Network, QoS and UE Considerations for client side inferencing AIML/IMS

Source: Huawei Tech.(UK) Co.. Ltd
Meeting: TSGS4_135_India
Agenda Item: 10.5

All Metadata

Agenda item description	AI_IMS-MED (Media aspects for AI/ML in IMS services)
Doc type	discussion
For action	Agreement
Release	Rel-20
download_url	Download Original
For	Agreement
Type	discussion
Contact	Rufail Mekuria
Uploaded	2026-02-02T16:28:29.453000
Contact ID	104180
Revised to	S4-260421
TDoc Status	revised
Reservation date	02/02/2026 16:15:36
Agenda item sort order	52

Review Comments

manager - 2026-02-09 04:01

[Technical] The core premise in §2.2 (downloading a 100 GB model within 500–1000 ms) is not a realistic or relevant requirement for UE-side inferencing; the call flow should instead assume pre-provisioned/on-device models or background download over minutes/hours, otherwise the derived “800 Gbps” conclusion is a strawman that will derail the discussion.

[Technical] §2.1 cites TR 26.927 Table 6.6.2-1 (~40 MB) but then jumps to “public models 100+ GB” without mapping to the IMS/AIML use cases under discussion; the contribution needs to distinguish between (i) UE inference models intended for mobile deployment and (ii) data-center class generative models, otherwise the “required action” to define supported sizes is ungrounded.

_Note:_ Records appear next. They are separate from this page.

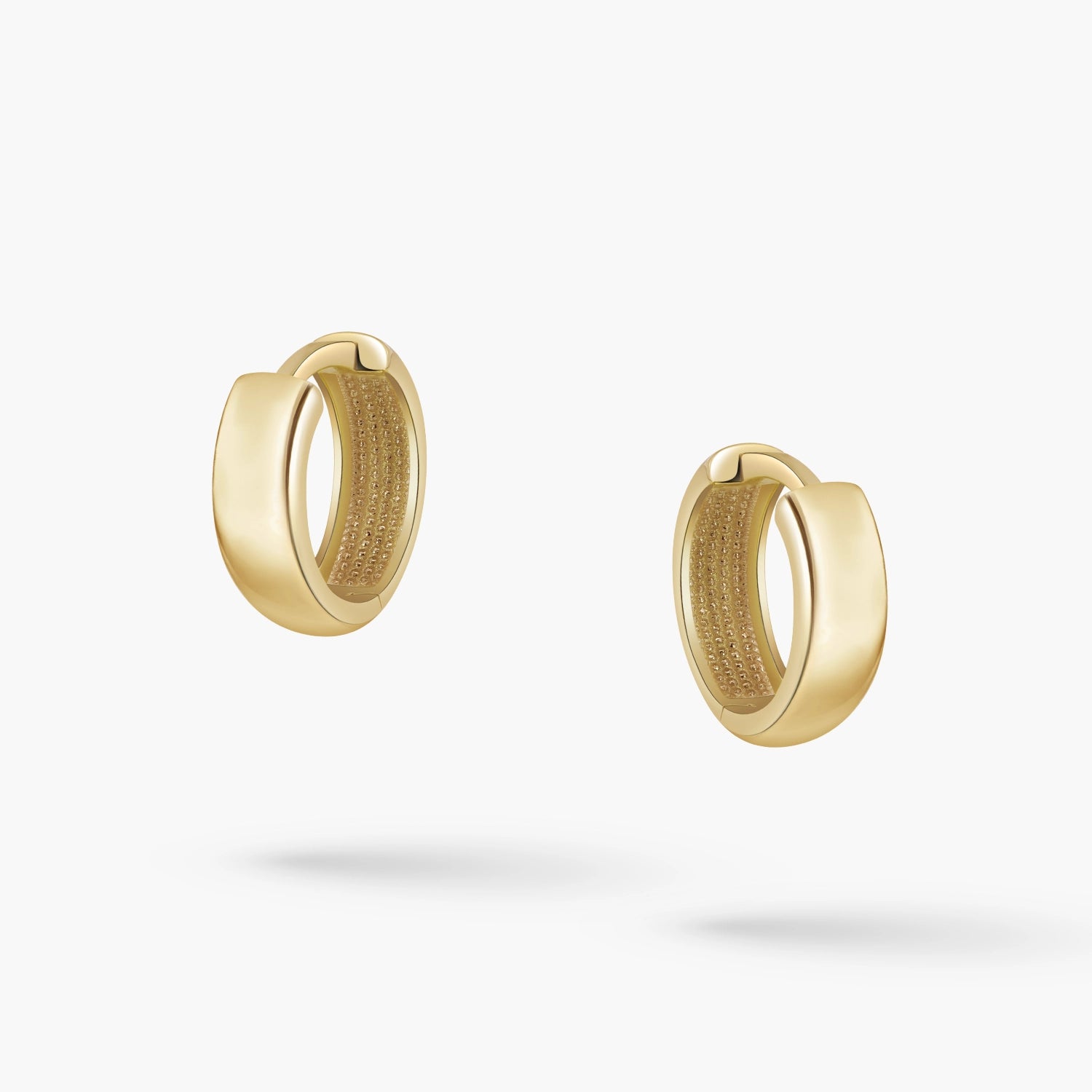 Classic 9kt yellow gold small hoop earrings, polished for a smooth, radiant finish. Their simple, round design offers timeless elegance for everyday wear.
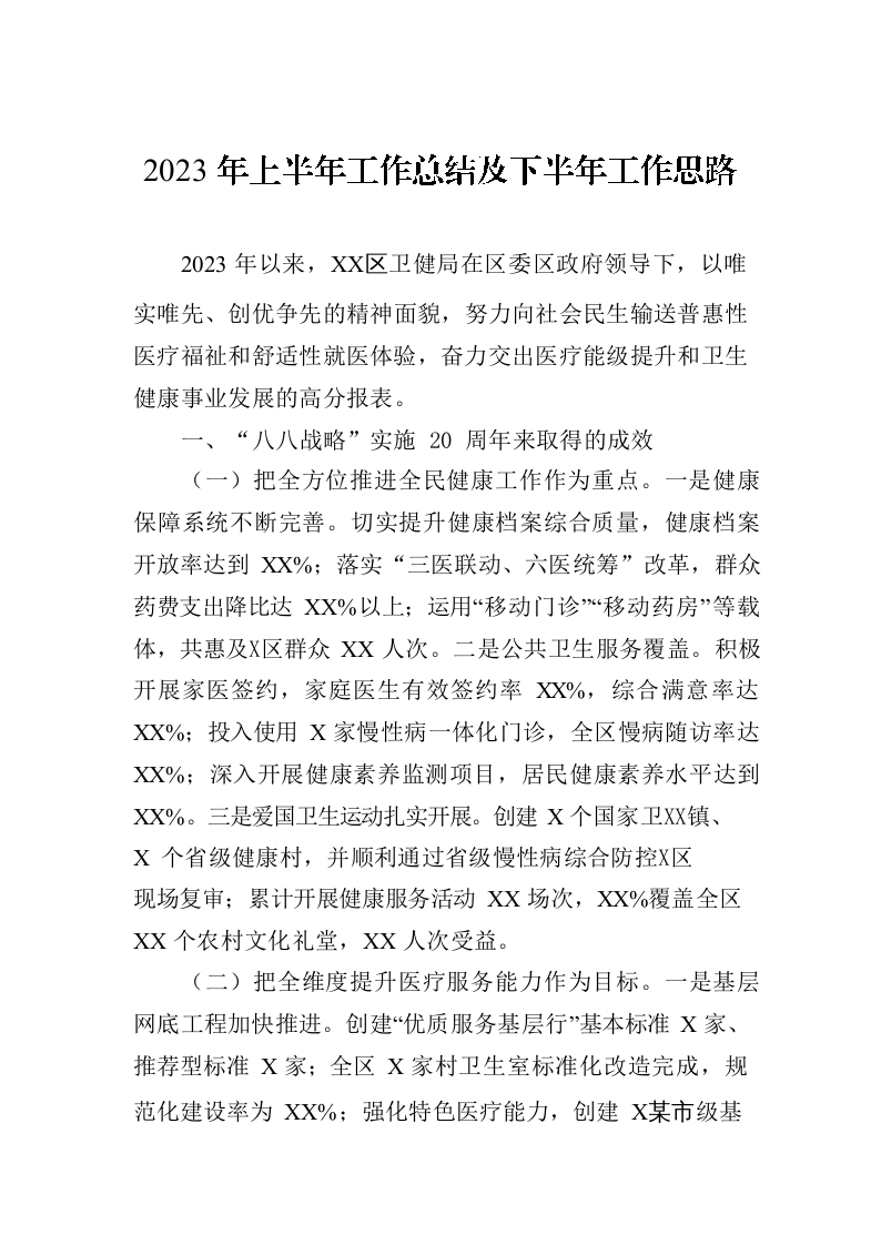 / 2023年上半年工作总结及下半年工作思路(20230707)
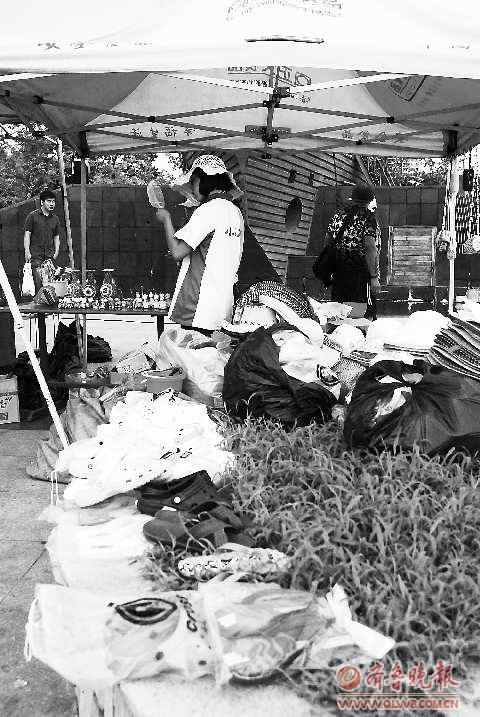 7月20日,在世帆赛基地内,不少旅游纪念品摊主将商品排放到花坛上,有的商品直接放到草丛里面。这种不规范的经营方式影响了景区旅游风貌。管理部门表示将加强管理,规范经营环境。

[Technical] The text conflates “real-time request-response latency” with “model transfer time” (§2.2); in most architectures the model download is not on the critical path of a single inference transaction, so QoS/latency requirements should be split into (a) inference transaction latency and (b) model acquisition/update latency.

[Technical] Requesting SA2 to “update 5QI specifications” (§2.2) is premature and underspecified: the contribution does not identify whether the model transfer is best treated as GBR/non-GBR, what packet delay budget/jitter/loss are needed, or whether existing 5QIs (e.g., for TCP-based data) are insufficient; without concrete QoS characteristics, SA2 cannot act.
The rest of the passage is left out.